▶ [DATA]:
++++++++++

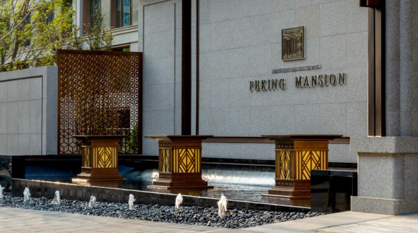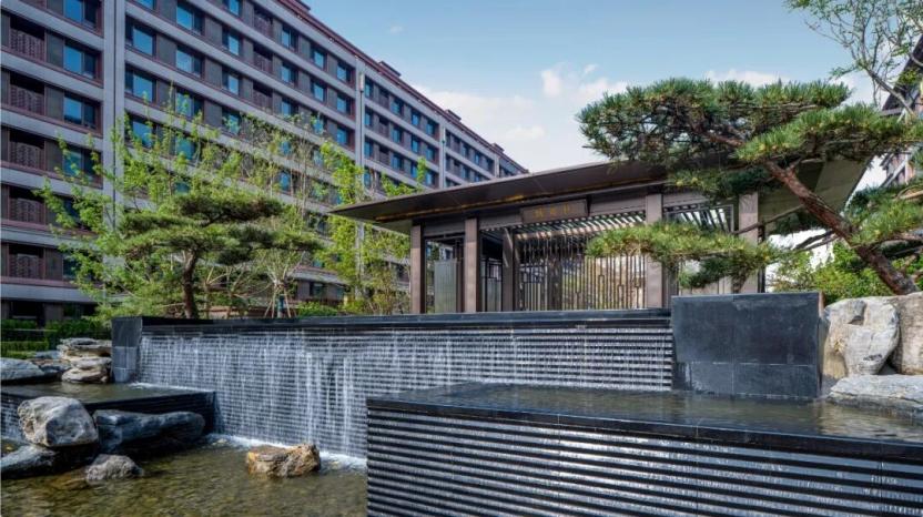 石材外立面搭配金屬鋁板和大面積玻璃窗,巧妙地將內城的文化符號與現代國際審美相融合。在實景呈現的園林中,疊石、流水與亭臺樓榭相互映襯,曲徑通幽,風景旖旎。
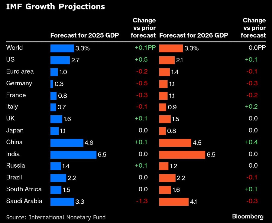 Dana Moneter Internasional (IMF) meningkatkan proyeksi pertumbuhan global untuk tahun ini, didorong oleh permintaan AS yang lebih kuat dari perkiraan dan melambatnya inflasi di seluruh dunia, sehingga memungkinkan bank sentral untuk terus memangkas suku bunga.
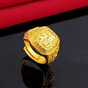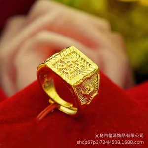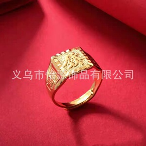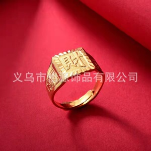 高模工場直売沙金指輪男女のファッションの経典指環覇気口福発財金メッキ指輪
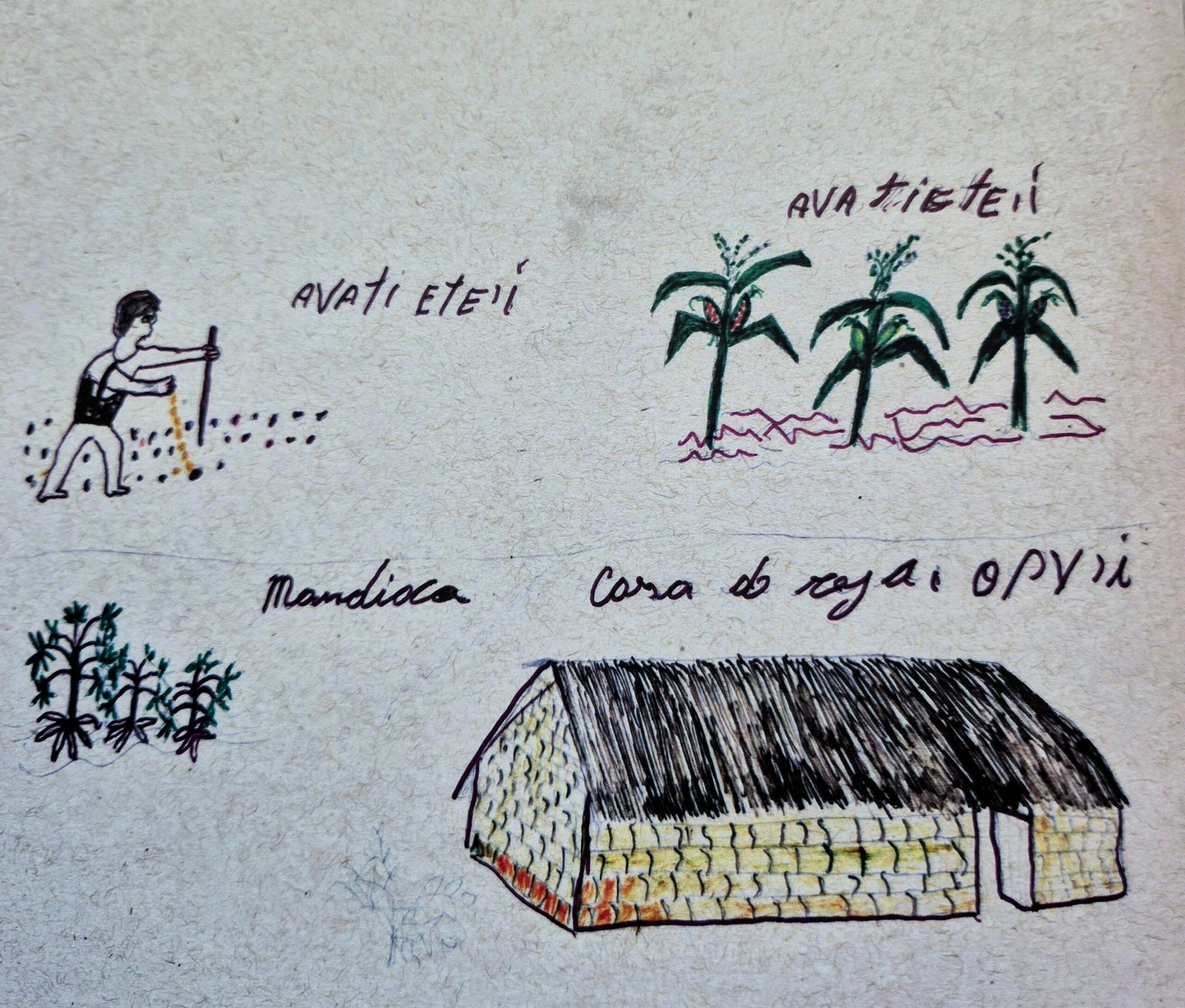 “Segundo a sabedoria Mbyá, a semeadura conecta os mundos espiritual e material, e a fertilidade do solo está relacionada à fecundidade humana. A mulher, aquela que gera a vida, foi a primeira a cultivar alimentos como o avaxi e a conhecer os cuidados necessários para sua produção. O ciclo de plantio, germinação, colheita, alimentação e replantio corresponde aos ciclos de renovação de tudo o que existe na Terra.” (Nhemongarai há’egui avaxi, Kerexu Mirim e Maria Kerexu, 2025)

++++++++++

▶ [DIRECTIONS]:
Reproduce only the lines from the beginning of the data through the line that contains "高模工場直売沙金指輪男女のファッションの経典指環覇気口福発財金メッキ指輪", both included, and please drop the pictures.

▶ [WRITTEN ANSWER]:
 石材外立面搭配金屬鋁板和大面積玻璃窗,巧妙地將內城的文化符號與現代國際審美相融合。在實景呈現的園林中,疊石、流水與亭臺樓榭相互映襯,曲徑通幽,風景旖旎。
 Dana Moneter Internasional (IMF) meningkatkan proyeksi pertumbuhan global untuk tahun ini, didorong oleh permintaan AS yang lebih kuat dari perkiraan dan melambatnya inflasi di seluruh dunia, sehingga memungkinkan bank sentral untuk terus memangkas suku bunga.
 高模工場直売沙金指輪男女のファッションの経典指環覇気口福発財金メッキ指輪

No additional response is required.